Sunday, October 8, 2023

Philippine CPI’s September 6.1% "Shocker"; Eight Reasons Why the Rice Price Ceiling Failed

  Government bailouts are like potato chips. You can’t stop with just one—Thomas Sowell 

 

In this issue 

Philippine CPI’s September 6.1% "Shocker"; Eight Reasons Why the Rice Price Ceiling Failed 

I. Another CPI "Shocker" as September CPI’s 6.1% Beat Estimates 

II. Eight Reasons Why the Rice Price Ceiling Failed 

III. The Growing Systemic Risks from Perpetual Interventions 

IV. Other Features of the September 6.1% CPI Shocker 

V. Supply Side Inflation?
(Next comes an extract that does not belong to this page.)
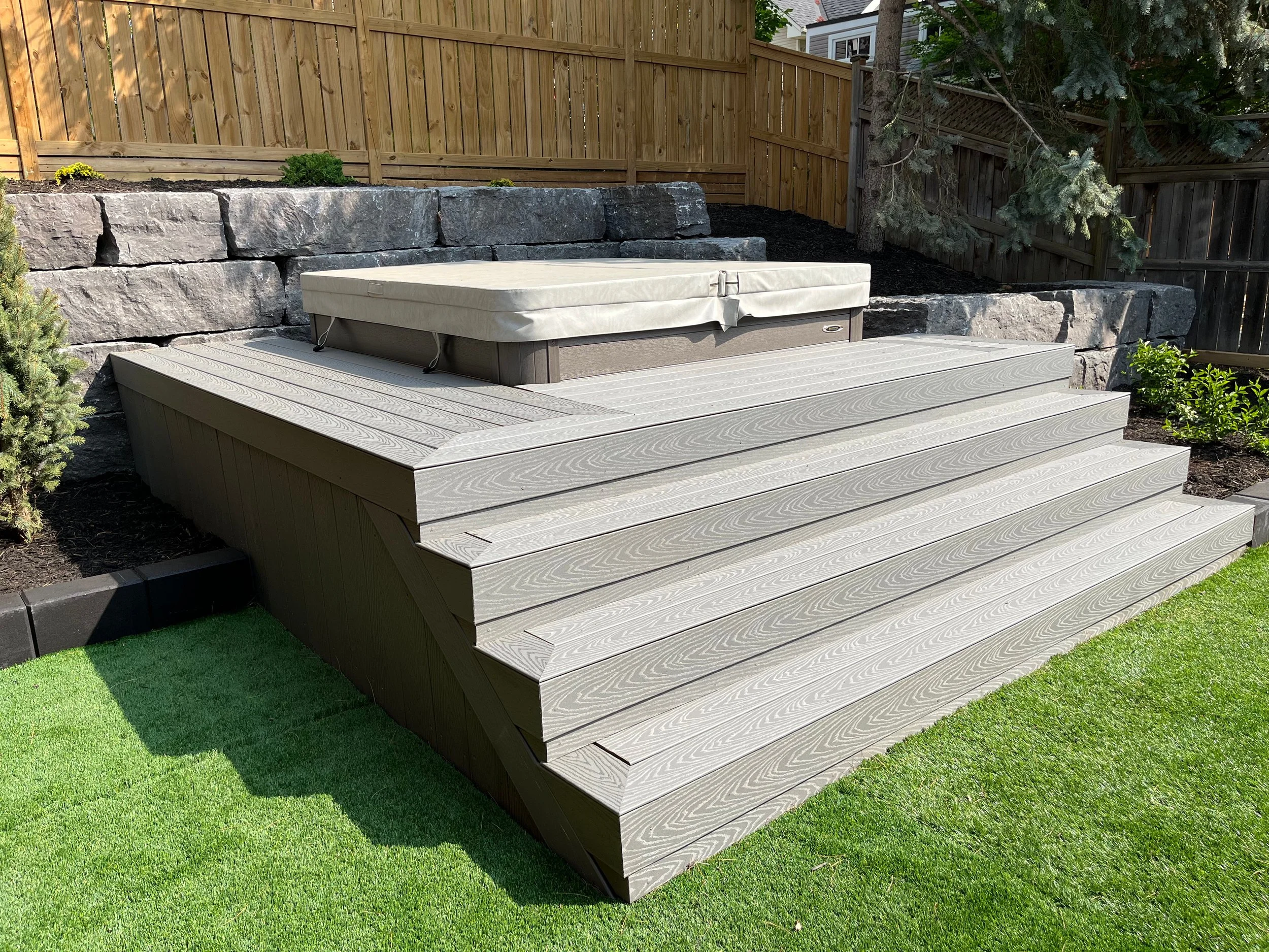 Two tone composite decking with sunken hot tub and lighting
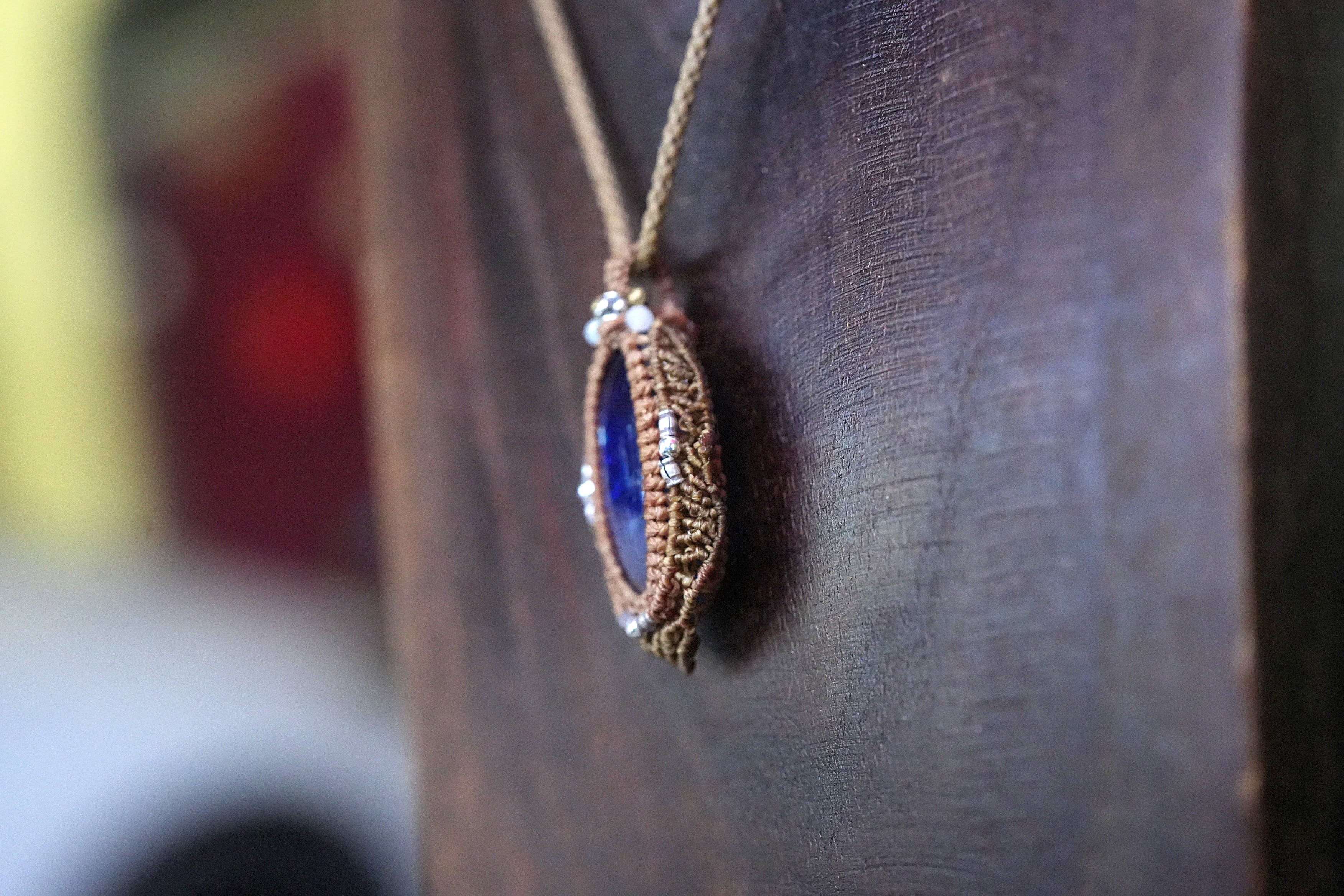 ◆このたびはゴールドブラウン色の蝋引き糸を使用しマクラメ編み装飾を施しました。

Inflationary Biases from the Economic Transformation towards "Financialization"  

VI. The Inflationary Tendencies from the Structural Shift of Bank lending to Consumers Over Producers 

 

Philippine CPI’s September 6.1% "Shocker"; Eight Reasons Why the Rice Price Ceiling Failed


September's CPI was another mainstream shocker.  This post explains the eight reasons why the rice price ceiling failed and the embedded inflationary bias of the political economy. 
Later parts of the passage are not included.